# Best USB-C to headphone jack accessory for 2021 iPad Pro?



## Composer 2021 (May 28, 2021)

I ordered Apple's USB-C to headphone jack dongle to go along with my iPad Pro, and I am not happy. Some apps have significant audio delay and crackling noises (damn you to whoever thought about taking away the headphone jack). YouTube is the worst offender I have noticed so far - can't get 5 seconds into a video without another crackle and the audio keeps going an entire second after I pause the video. I noticed that the audio delay in Minecraft varies a little bit. Could this be a hardware issue with the dongle or a lack of software optimization for this brand new iPad? I just updated it to iOS 14.6 if that means anything.


----------



## Composer 2021 (May 28, 2021)

It may be partly due to streaming issues. I have never had a device that handled streaming lag by having crackling audio before. The issue doesn't seem to fix itself even when I pause something for a while to let it "buffer", which is not acceptable.


----------



## rsg22 (May 28, 2021)

I have the new iPad Pro and the same Apple USB-C headphone dongle. I've been using YouTube quite a bit, listening to concerts and other videos, and haven't had issues. No crackles or delays in stopping the video. However I did just fire up Minecraft with the headphones plugged in, and immediately noticed a significant delay with the audio. Unplugged the headphones and the delay went away. Plugged them back in and the delay did not return, so it appears unplugging and re-plugging the headphones fixed the delay at least temporarily. I'm still on iPad OS 14.5.1 by the way


----------



## Composer 2021 (May 28, 2021)

I found with Minecraft that the delay varies.


----------



## Composer 2021 (May 28, 2021)

I'm also having a lot of video streaming issues. Everything wants to refuse to stream in HD at first. Maybe an issue between the new 5G modem and my house's 4G router?


----------



## Composer 2021 (May 28, 2021)

Now YouTube is working fine. I reckon the audio lag is _completely _random. I really hope there is a fix.


----------



## Martin S (May 29, 2021)

I just got the same adapter for my new iPad Pro 2021(iOS 14.5) today, and experienced the same crackling sounds randomly and only once experienced delay (and crackling) on one video from within StaffPad (tutorials video). However, after rebooting the iPad there’s no delay on videos anymore, either from YouTube or Disney+. The crackling sound still appears randomly but disappears when unplugging and replugging the adapter. Strange…

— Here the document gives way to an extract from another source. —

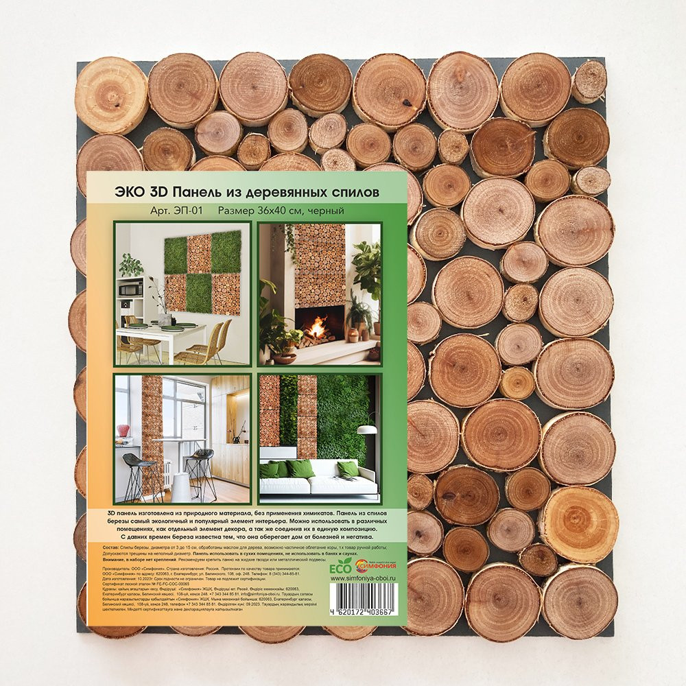 Спилы предназначены для отделки внутренних отапливаемых помещений с относительной влажностью воздуха не более 70%, и ничем не уступают спилам из можжевельника. Спилы изготовлены из природного материала с минимальной механической обработкой и без применения химикатов. Панно поставляется без крепления!

Also; even though it appears to be plugged in properly with a little click, the usb-c side of the adapter can be wiggled a bit while in the socket on the iPad. Wondering if this could be the culprit?

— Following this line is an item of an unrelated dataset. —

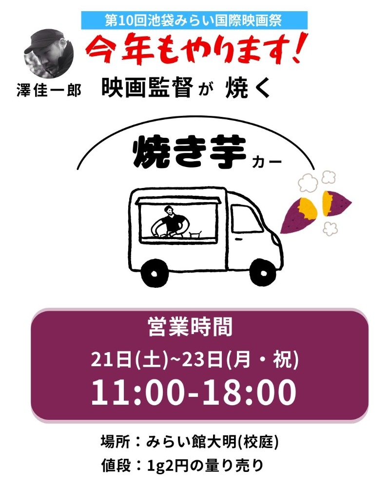 今年も澤佳一郎監督の焼き芋カーが映画祭期間中、みらい館大明にやってきます。

When plugging in my Audient Evo4 audio interface directly via usb-c, there’s no such problems at all.


----------



## Composer 2021 (May 30, 2021)

I think the problem is purely a digital/software one. On YouTube, it can work fine for an entire video and start lagging and crackling as soon as I open a new video.


----------



## jonnybutter (May 30, 2021)

I have used both an Anker multi-port dingus and the apple headphone one. No software problems like you describe, but plenty of others. May I just say that I am not a fan of iOS? It’s buggy as hell and poorly thought out. Not great on a phone, though bearable. But on the iPad - 👎🏻.


----------



## jaketanner (Jun 4, 2021)

Martin S said:


> Also; even though it appears to be plugged in properly with a little click, the usb-c side of the adapter can be wiggled a bit while in the socket on the iPad.


Same issue here...I also have some crackling, but it's when using it as a Roku remote and headphone port. There is a lag between video and audio.


----------



## GingerMaestro (Jun 10, 2021)

Hey
Just finding this thread. I have just bought a new iPad Pro. Could someone recommend the best Dongle with a headphone Jack and USBC charging hole, so you can listen to music and charge at the same time. They all seem to get mixed reviews on Amazon etc...

Ultimately I will want to plug a midi keyboard, headphone and charger into my iPad. Has anyone had much success with regular usbc hubs ?


----------